## [Exercise description]
Could you copy exactly the lines below, beginning at the line with "Najmlajši nogometaši so" and stopping after the line with "На картине изображен", with no pictures?
-.-.-
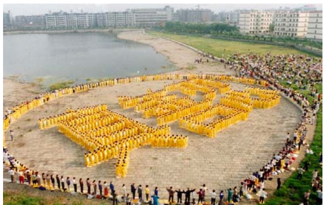
法轮功九二年传出，因其教人向善，使人健康，福益社会，短短七年时间吸引了上亿修炼者。图为九八年武汉法轮功学员集体炼功排字。

到今天已三个多月了，我像变了个人，能做家务了，上街，串门，爱去哪就去哪，街上碰到熟人，我跟他们说：是炼法轮功救了我。我还找到一起皈依佛教的同伴，讲亲身经历的大法神奇，她们也都很感兴趣。
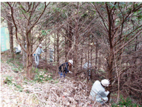
イチイ人工林の下枝伐り
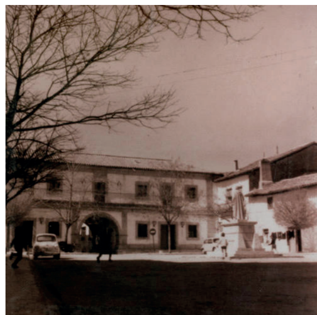
Plaza, 1950.
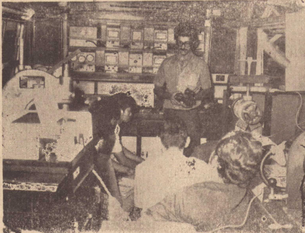
Aqui, os alunos aprendem tudo sobre equipamentos elétricos. A foto foi colhida no interior do Ônibus Escola

"As nossas autoridades e a população machadense as nossas manifestações de regosio pela efemeridade do município."
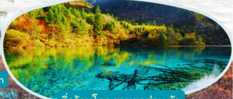
จิวจ้ายโกว รวมรถส่วนตัว
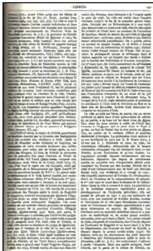
لاپه ره ١٤٧ ی وتاری که رکوک به فه ره نسێ

به ناوی (که رخای بیټ سلوق) ناوی هاتوو (٦) . ئەم ناوانە ی که رکوک له لایەن نیکاتۆری پاتشای سلوقی یەکەم (دەرووبەری ٢٥٥-٢٨٠ ی پ.ن) هوه لیتراوه، که له ناو قەڵاکە دا بورجیکی دروست کردوو و تەنانەت له دەورانی ساسانییه کاندا که رکوک هیشتا هەر ناوەندیکی به ناویانگی نهستورییه کان بووه، سه رۆکی ئەسقه فەکانی (بیټ گەرما) ی تیدا ژیاوه (٧) . مه سیحیه کان له دەورانی شاپووری دووه مدا له وه که متر به رهو پووی چهوساندنه وه نه بوونه ته وه به تاییهت له سالی ٤٤٥، چهوساندنه وه ی مه سیحیه کان له دەورانی یه زده گهردی دووه مدا، چه ندان هه زار قوربانی لیکه وته وه (٨) . دواتر په وشێ مه سیحیه کان چاکتر بووه، چونکه له دەورانی شوُسروسی دووه م (٥٩٠-٦٢٨ ی زایین)، یه کیک له مه سیحیه کانێ شاره که، به ناوی یه زده ین کراوه به وه زیری دارایی، ئەوهینده به ناو و شوهرت بوو، تەنانەت زیدی له دایکبوونی بۆ ماوه یه ک ناوی (که رخی یه زده ین) ی به خووه گرتبوو (٩) . میژوونوسه عه ره به کان به ناوچه ی (بیټ گەرما) ی سه رچاوه ئاشوورییه کان ده لێن (بادجرمای). یاقووت باسی شاریک ده کات به ناوی (که رخینه) (١٠) که هۆفمان (١١) پێی وایه و پیک به شاری که رکوکی ده ناسیته وه. راستیه که ی ئەمپرو هیشتا که، خه لکی شه قلاوه و عه نکاوه که سه فه ری که رکوک ده که ن ده لێن ده چین بۆ (که رخینه) (١٢) .
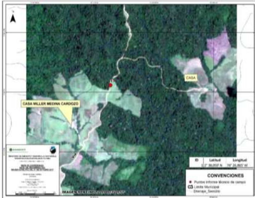
Figura 3. Zona donde se presentó la afectación ambiental el 01 de octubre 2017. Fuente: Concepto Técnico No. 20217030000016. PNNC, 2023

A continuación, se presenta el análisis multitemporal del Concepto Técnico No. 20217030000016, donde se identificó la pérdida de cobertura de bosque producto de la tala rasa entre el 01 de octubre de 2017 y 25 de diciembre de 2017, en la localización señalada en el informe técnico inicial.
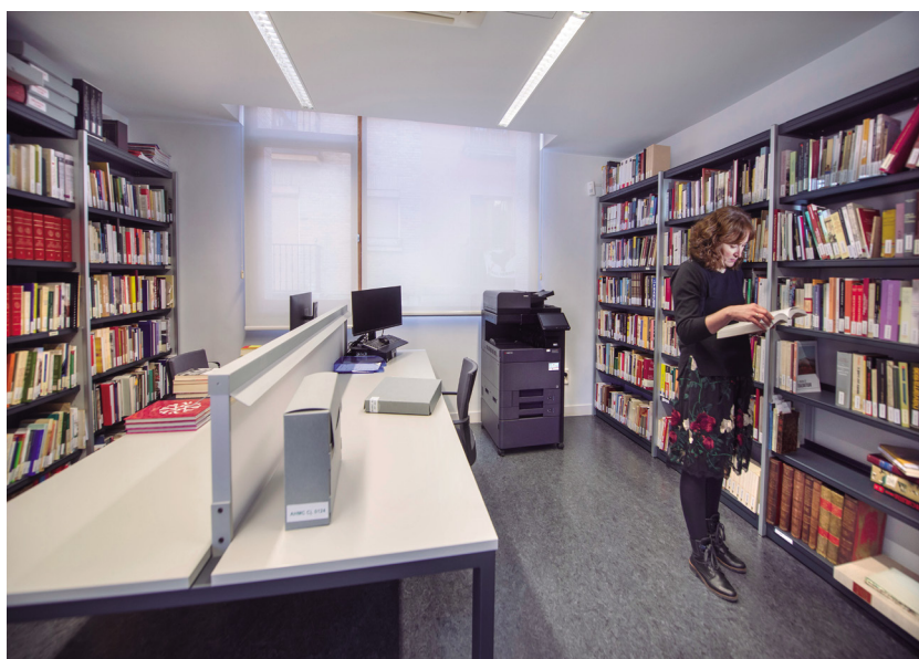
Figura 1. Centro de Documentación del Museo del Carlismo. Estella-Lizarraga.

investigación y documentación sobre el Carlismo y, por extensión, sobre movimientos revolucionarios y contrarrevolucionarios y su contexto histórico que tuvieron lugar durante los siglos XIX y XX» 2 .
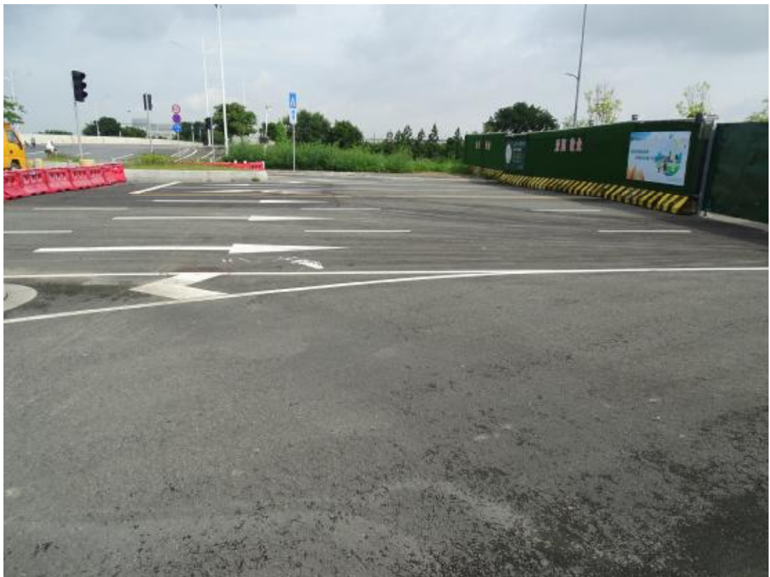
图 15 地块地表现状（东南-西北）
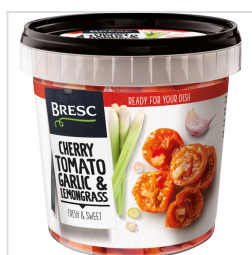
Bresc Tomates cerises à l'aigre-douce, ail et citronnelle 1100g
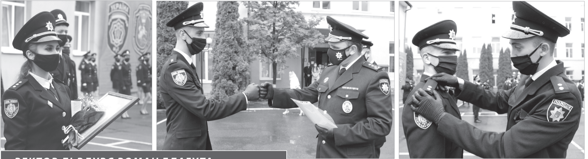
РЕКТОР ЛЬВДУВС РОМАН БЛАГУТА:
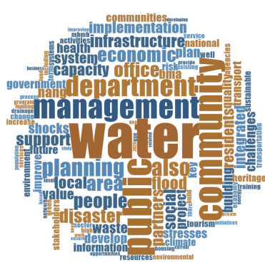
图5 东南亚城市韧性策略词云图
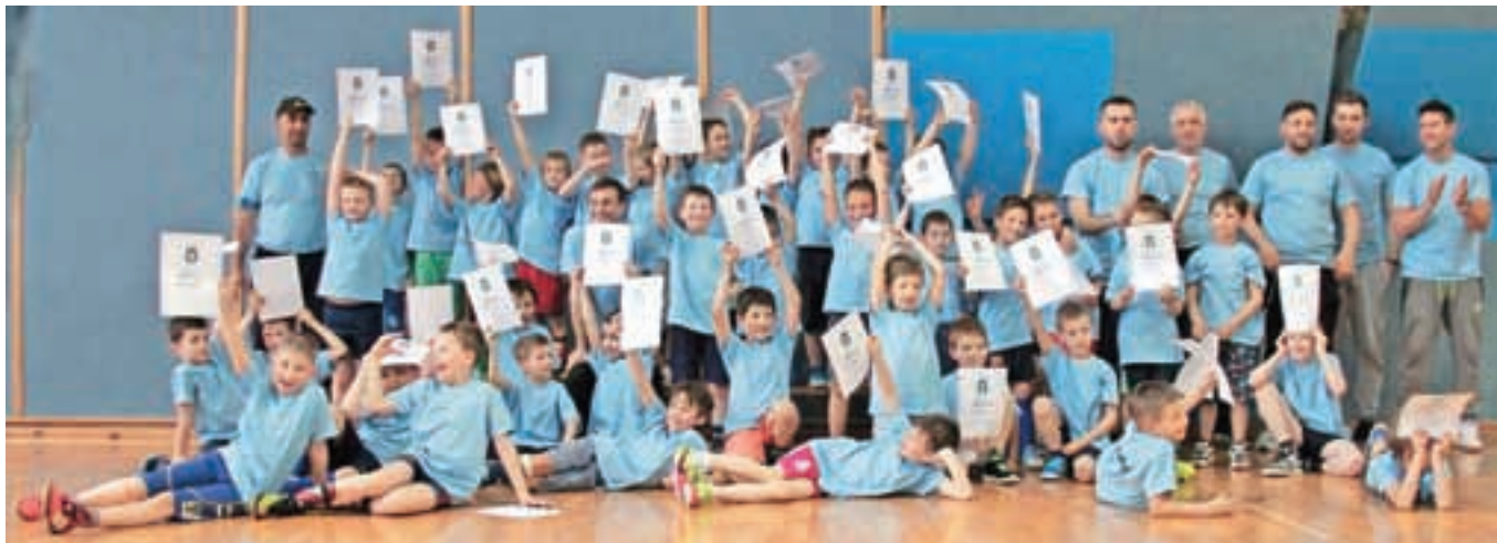
Najmlajši nogometaši so bili za svoj trud nagrajani z diplomami.

trud nagrajani z diplomami. Na koncu je bilo največje zadovoljstvo, ko smo skozi vse prireditev opazovali nasmejane in igrive otroke, zato se bomo v Otroški nogometni šoli in Nogometnem klubu Kamnik zavzemali za še več tovrstnih prireditev za nabodbe nogometaše.
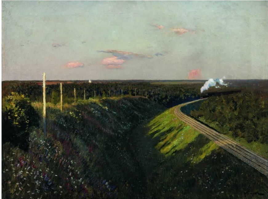
Рис.1 И. Левитан. Поезд в пути

На картине изображен товарный состав, увлекаемый паровозом. Поезд движется из глубины картины на зрителя; этот необычный ракурс создает ощущение полной сопричастности происходящему, так называемый "эффект присутствия". Пригорок, по которому движется поезд, покрыт густой зеленой травой и усыпан мелкими цветами, синими и белыми. Под насыпью, по которой проложены рельсы — глубокий овраг; телеграфные столбы, повторяя изгиб дороги, придают произведению законченность и особый ритм.
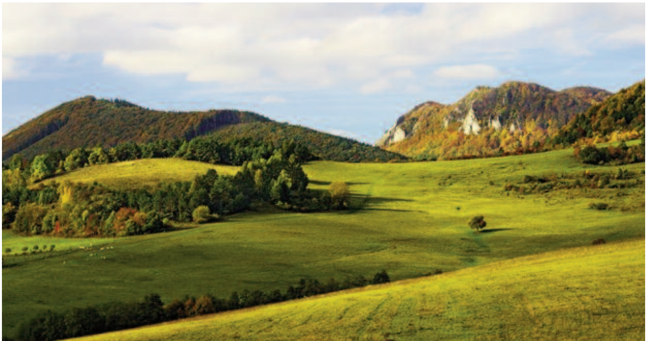
Obraz typickej bielokarpat- skej krajiny z okolia obce Lednica
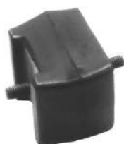
Código: 80033 Modelo: R. 12 Nº Original: 7700506311 Soporte trasero de motor
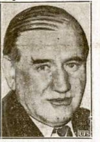
Edouard Daladier, buvęs Francijos premieras, kurio ministerijai parlamentas nuvertė. Jis panaikino laisvę, pasiėmė sau diktatorišką galią, išmesdamas iš parlamento komunistus. Jis 300 parlamento narių pagalius išreiškė jo valdžiai nepasitikėjimą, nebalsuodami už jį.

Turkija, sakoma, jau pradėjo derybas su Sovietų Sąjunga. Turku mano, kad Suomijoj karui pasibaigus išvyko barieras, kuris neleidė Anglijai pagerinti santykius su Sovietais.
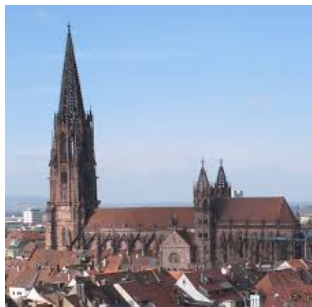
Abbildung 14: Freiburger Münster
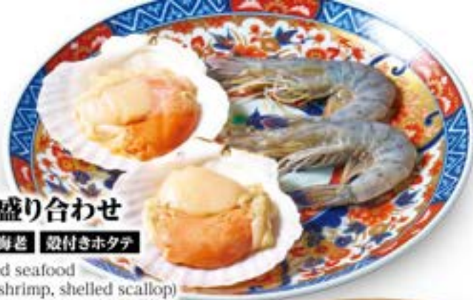
海鮮盛り合わせ 天使の海老 殻付きホタテ Assorted seafood (Angel shrimp, shelled scallop) ¥2,480 (税込¥2,728)
-.-.-
## [Solution]
Najmlajši nogometaši so bili za svoj trud nagrajani z diplomami.

trud nagrajani z diplomami. Na koncu je bilo največje zadovoljstvo, ko smo skozi vse prireditev opazovali nasmejane in igrive otroke, zato se bomo v Otroški nogometni šoli in Nogometnem klubu Kamnik zavzemali za še več tovrstnih prireditev za nabodbe nogometaše.
Рис.1 И. Левитан. Поезд в пути

На картине изображен товарный состав, увлекаемый паровозом. Поезд движется из глубины картины на зрителя; этот необычный ракурс создает ощущение полной сопричастности происходящему, так называемый "эффект присутствия". Пригорок, по которому движется поезд, покрыт густой зеленой травой и усыпан мелкими цветами, синими и белыми. Под насыпью, по которой проложены рельсы — глубокий овраг; телеграфные столбы, повторяя изгиб дороги, придают произведению законченность и особый ритм.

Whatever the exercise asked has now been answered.